YOUR OBJECTIVE: Start at the line below containing "根据财报,2020-2023" and stop at the line containing "Ms. Rajeshwari Bhattacharyya". Repeat every line of that stretch exactly, and nothing outside it.

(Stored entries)

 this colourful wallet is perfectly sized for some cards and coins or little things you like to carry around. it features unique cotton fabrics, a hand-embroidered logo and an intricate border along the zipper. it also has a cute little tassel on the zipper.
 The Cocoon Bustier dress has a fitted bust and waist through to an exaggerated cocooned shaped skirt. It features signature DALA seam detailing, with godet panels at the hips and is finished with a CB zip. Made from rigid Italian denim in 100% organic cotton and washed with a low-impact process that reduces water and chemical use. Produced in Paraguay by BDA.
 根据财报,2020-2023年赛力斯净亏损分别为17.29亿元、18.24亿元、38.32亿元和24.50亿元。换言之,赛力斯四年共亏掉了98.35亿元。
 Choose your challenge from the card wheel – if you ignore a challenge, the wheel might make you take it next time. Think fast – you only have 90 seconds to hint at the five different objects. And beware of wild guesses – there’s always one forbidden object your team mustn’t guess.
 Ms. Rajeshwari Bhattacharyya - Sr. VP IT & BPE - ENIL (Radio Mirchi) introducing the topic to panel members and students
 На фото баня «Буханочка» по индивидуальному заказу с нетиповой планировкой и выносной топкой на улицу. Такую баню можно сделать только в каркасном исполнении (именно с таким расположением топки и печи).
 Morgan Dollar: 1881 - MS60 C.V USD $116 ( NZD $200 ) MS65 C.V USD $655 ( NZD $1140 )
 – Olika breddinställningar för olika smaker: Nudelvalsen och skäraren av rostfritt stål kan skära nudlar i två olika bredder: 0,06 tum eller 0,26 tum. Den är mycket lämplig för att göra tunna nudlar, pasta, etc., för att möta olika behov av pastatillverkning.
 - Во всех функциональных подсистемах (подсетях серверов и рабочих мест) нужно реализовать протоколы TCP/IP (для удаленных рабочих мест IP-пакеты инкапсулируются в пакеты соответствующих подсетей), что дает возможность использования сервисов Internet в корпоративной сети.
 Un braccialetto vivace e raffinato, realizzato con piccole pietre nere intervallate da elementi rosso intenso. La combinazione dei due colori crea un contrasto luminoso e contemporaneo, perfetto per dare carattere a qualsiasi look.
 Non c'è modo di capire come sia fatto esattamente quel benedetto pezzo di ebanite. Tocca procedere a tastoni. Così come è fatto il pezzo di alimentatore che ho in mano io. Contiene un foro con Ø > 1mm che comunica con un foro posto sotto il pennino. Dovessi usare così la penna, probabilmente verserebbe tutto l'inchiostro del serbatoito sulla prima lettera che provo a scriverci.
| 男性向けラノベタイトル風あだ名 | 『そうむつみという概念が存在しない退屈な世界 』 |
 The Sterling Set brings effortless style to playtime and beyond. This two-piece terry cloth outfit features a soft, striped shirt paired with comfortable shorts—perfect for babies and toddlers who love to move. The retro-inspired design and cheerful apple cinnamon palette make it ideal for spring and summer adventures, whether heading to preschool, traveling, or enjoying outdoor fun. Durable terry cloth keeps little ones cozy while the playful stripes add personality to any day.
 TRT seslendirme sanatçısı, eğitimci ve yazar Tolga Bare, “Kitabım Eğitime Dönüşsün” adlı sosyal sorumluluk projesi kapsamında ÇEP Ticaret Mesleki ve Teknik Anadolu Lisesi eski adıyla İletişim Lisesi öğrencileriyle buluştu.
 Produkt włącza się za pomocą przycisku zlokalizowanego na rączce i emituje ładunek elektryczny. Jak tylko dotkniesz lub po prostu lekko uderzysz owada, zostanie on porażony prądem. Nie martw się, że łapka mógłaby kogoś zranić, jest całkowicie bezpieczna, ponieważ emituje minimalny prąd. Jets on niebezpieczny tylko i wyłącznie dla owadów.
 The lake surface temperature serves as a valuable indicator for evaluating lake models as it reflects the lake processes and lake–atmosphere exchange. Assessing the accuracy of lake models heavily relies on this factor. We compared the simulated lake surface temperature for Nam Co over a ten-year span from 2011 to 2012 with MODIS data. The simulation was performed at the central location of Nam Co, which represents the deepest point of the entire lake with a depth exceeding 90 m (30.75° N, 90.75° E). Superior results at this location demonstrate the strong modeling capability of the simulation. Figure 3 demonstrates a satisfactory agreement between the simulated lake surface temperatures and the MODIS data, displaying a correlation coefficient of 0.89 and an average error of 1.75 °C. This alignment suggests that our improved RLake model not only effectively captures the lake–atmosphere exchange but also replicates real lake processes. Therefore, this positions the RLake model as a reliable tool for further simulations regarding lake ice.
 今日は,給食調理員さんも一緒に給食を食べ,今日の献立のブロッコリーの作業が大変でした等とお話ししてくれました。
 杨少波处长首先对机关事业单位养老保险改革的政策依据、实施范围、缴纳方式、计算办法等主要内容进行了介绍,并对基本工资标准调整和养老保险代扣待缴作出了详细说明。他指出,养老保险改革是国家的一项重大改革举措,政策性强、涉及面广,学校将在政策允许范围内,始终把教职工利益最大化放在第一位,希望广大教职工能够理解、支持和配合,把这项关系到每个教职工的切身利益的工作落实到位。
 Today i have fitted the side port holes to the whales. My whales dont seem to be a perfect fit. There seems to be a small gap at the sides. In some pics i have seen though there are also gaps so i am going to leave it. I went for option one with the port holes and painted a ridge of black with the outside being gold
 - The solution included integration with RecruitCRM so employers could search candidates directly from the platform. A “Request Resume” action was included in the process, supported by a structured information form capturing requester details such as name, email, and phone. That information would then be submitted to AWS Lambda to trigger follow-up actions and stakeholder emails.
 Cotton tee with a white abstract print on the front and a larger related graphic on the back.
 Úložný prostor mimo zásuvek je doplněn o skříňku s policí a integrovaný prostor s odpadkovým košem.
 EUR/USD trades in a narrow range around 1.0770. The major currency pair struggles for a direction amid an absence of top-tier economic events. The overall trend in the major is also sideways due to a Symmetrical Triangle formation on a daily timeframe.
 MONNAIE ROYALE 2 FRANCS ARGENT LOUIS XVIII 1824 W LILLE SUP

RESULT OF THIS TASK:
 根据财报,2020-2023年赛力斯净亏损分别为17.29亿元、18.24亿元、38.32亿元和24.50亿元。换言之,赛力斯四年共亏掉了98.35亿元。
 Choose your challenge from the card wheel – if you ignore a challenge, the wheel might make you take it next time. Think fast – you only have 90 seconds to hint at the five different objects. And beware of wild guesses – there’s always one forbidden object your team mustn’t guess.
 Ms. Rajeshwari Bhattacharyya - Sr. VP IT & BPE - ENIL (Radio Mirchi) introducing the topic to panel members and students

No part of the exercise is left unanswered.